TASK DESCRIPTION
Print the data below again in full, exactly as it stands, with no images.

INFORMATION SUPPLIED

=== Begin Enclosure ===

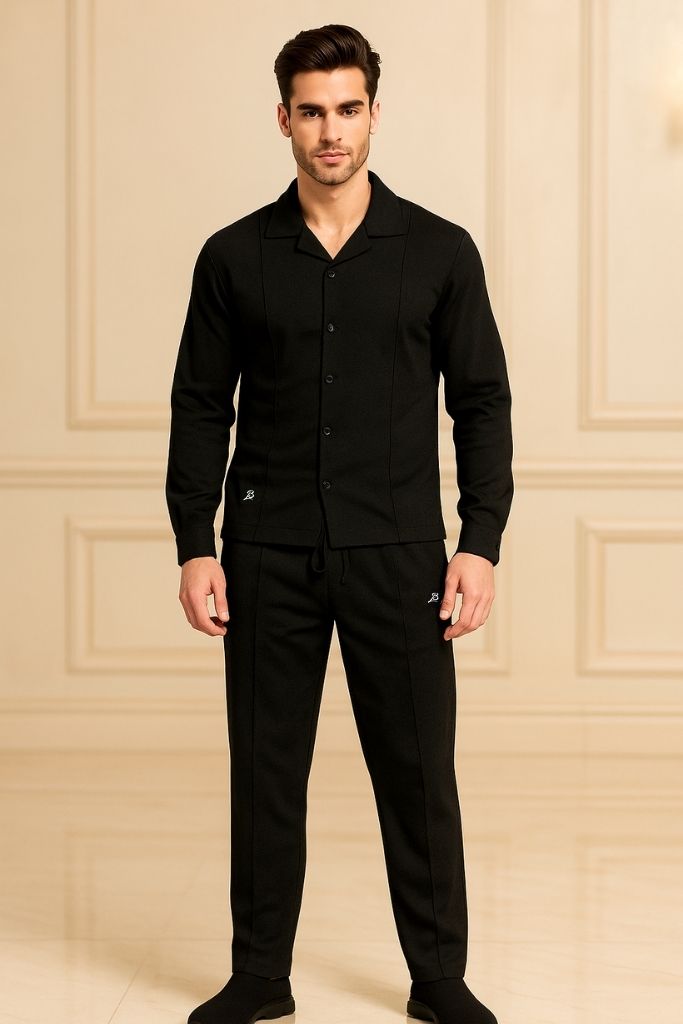 Waffle Black Safari Suit for Men – Premium Winter Wear in Pakistan
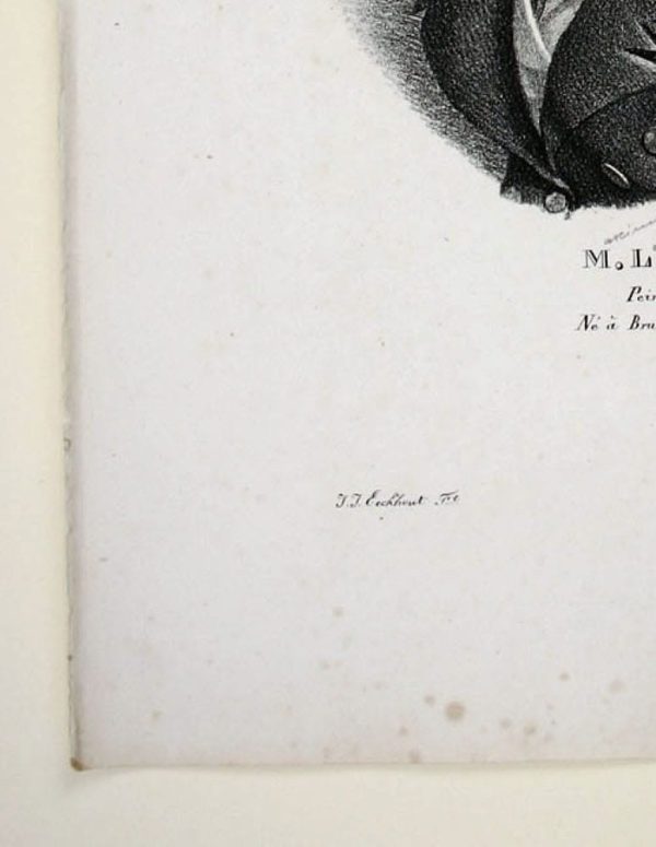 - Beschreibung: Burggraaff, Porträt des Maximilian Lambert Gelissen, Lithographie nach Jakob Josef Eeckhout, um 1830. Beschreibung:Lithographie von Burggraaff, bezeichnet unten: “M. L. Gelissen, Peintre de Paysage. Né à Bruxelles le 27 Fevrier 1787. J. J. Eeckhout Burggraaff lithographe de l`ace: Roy. “. Porträt des jungen Maximilian Lambert Gelissen. Burggraaff war ein von etwa 1801 bis 1850 tätiger belgischer Lithograph an der königlichen Akademie in Brüssel. Bekannt wurde er vor allem durch seine Porträts zeitgenössischer Künstler. Maximilian Lambert Gelissen (Brüssel 1786 – ebenda 1867) war belgischer Landschaftsmaler und Lithograph.
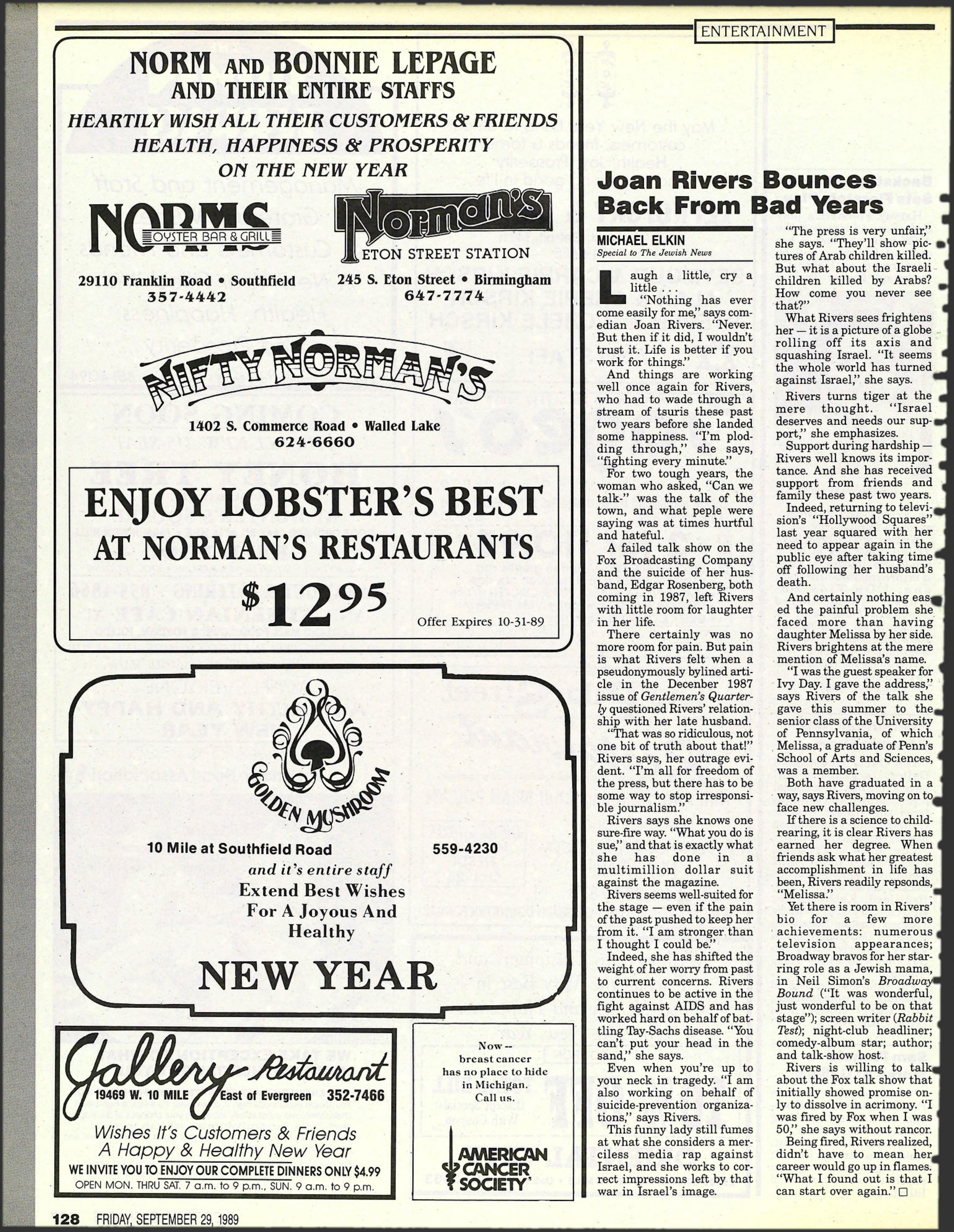 coming in 1987, left Rivers

=== End Enclosure ===

RESPONSE BELOW
 Waffle Black Safari Suit for Men – Premium Winter Wear in Pakistan
 - Beschreibung: Burggraaff, Porträt des Maximilian Lambert Gelissen, Lithographie nach Jakob Josef Eeckhout, um 1830. Beschreibung:Lithographie von Burggraaff, bezeichnet unten: “M. L. Gelissen, Peintre de Paysage. Né à Bruxelles le 27 Fevrier 1787. J. J. Eeckhout Burggraaff lithographe de l`ace: Roy. “. Porträt des jungen Maximilian Lambert Gelissen. Burggraaff war ein von etwa 1801 bis 1850 tätiger belgischer Lithograph an der königlichen Akademie in Brüssel. Bekannt wurde er vor allem durch seine Porträts zeitgenössischer Künstler. Maximilian Lambert Gelissen (Brüssel 1786 – ebenda 1867) war belgischer Landschaftsmaler und Lithograph.
 coming in 1987, left Rivers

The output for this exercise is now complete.